Иванович недовольно покачал головой, достал очередную сигарету и закурил.
– Значит, просто любуемся закатом, – подытожил он наш разговор.
Ветер стих, с неба затрусил редкий снег. Мелкие снежинки пролетали мимо, спеша вниз, где их уже ждали свои, утрамбованные сотнями ног и расплавленные визжащими колесами. Я смотрел на небо, любуясь темно-синими тучами, низко висящими прямо над нашими головами. Лучи заходящего солнца многоваттными прожекторами подсвечивали их снизу, отчего они казались еще большими. Исполинскими громадами, давящими на город, на людей, на дома, на деревья, на улицы, на сидящих на крыше двух человек, которые были частью этого города, сами этого не желая.

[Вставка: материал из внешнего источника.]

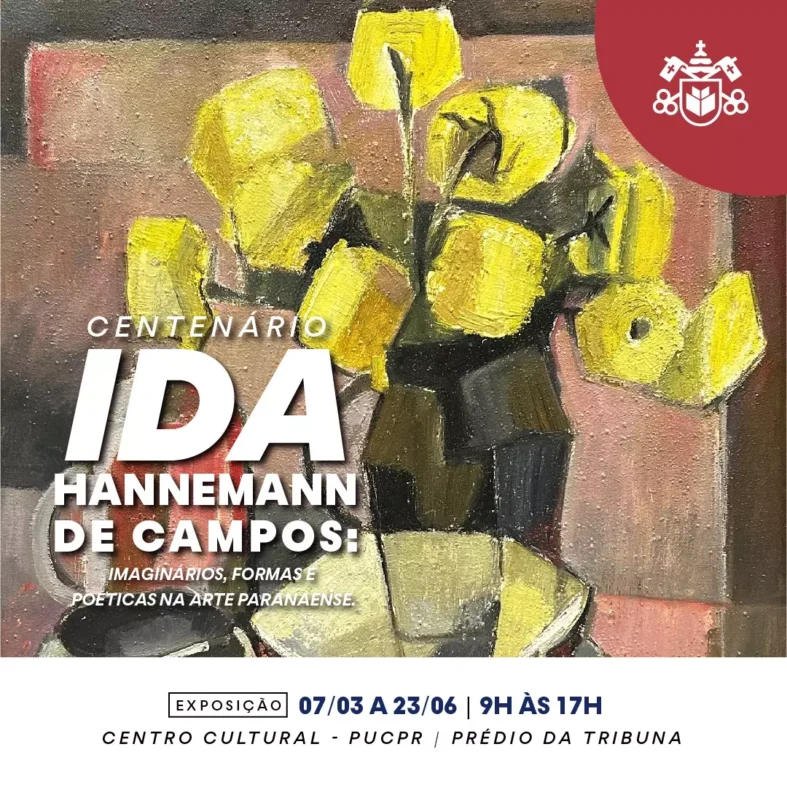 Até dia 23 de junho, a Pontifícia Universidade Católica do Paraná (PUCPR) é palco para a exposição “Centenário Ida Hannemann de Campos: imaginários, formas e poéticas na arte paranaense”. As obras foram selecionadas com a curadoria de Fernando Antonio Fontoura Bini, professor de História da Arte da PUCPR. A exposição é aberta ao público, das 9h às 17h, no Centro Cultural do câmpus Curitiba. Visitas aos sábados e noturnas podem ser feitas sob agendamento.

– Лет-то тебе сколько? – нарушил тишину Иванович.
– Двадцать два.
– Жена есть?
– Считай, что нет.
– Нет, значит, нет. А учишься, поди, в столице?
Я подался вперед. Руки и ноги быстро затекли в неудобном положении на морозе.
– Соврал я. Не учусь я нигде. С такой работой не до учебы.
– Да, – он сочувственно закивал. – В твоем возрасте нужно учиться.
– Нужно. А жить как? Кормиться, одеваться за какие шиши?
– Сам думай. Тут я тебе не подсказчик. Ты главное пойми, что если хочешь – хочешь! – обязательно этого добьешься.
– Какой ты умный. – Я разозлился на Ивановича за то, что снова пытается поучать, и на себя за то, что он говорит правду. Он сказал то, в чем я боялся себе признаться. – Сам-то за какие барыши живешь? Воруешь, небось, или бутылки собираешь?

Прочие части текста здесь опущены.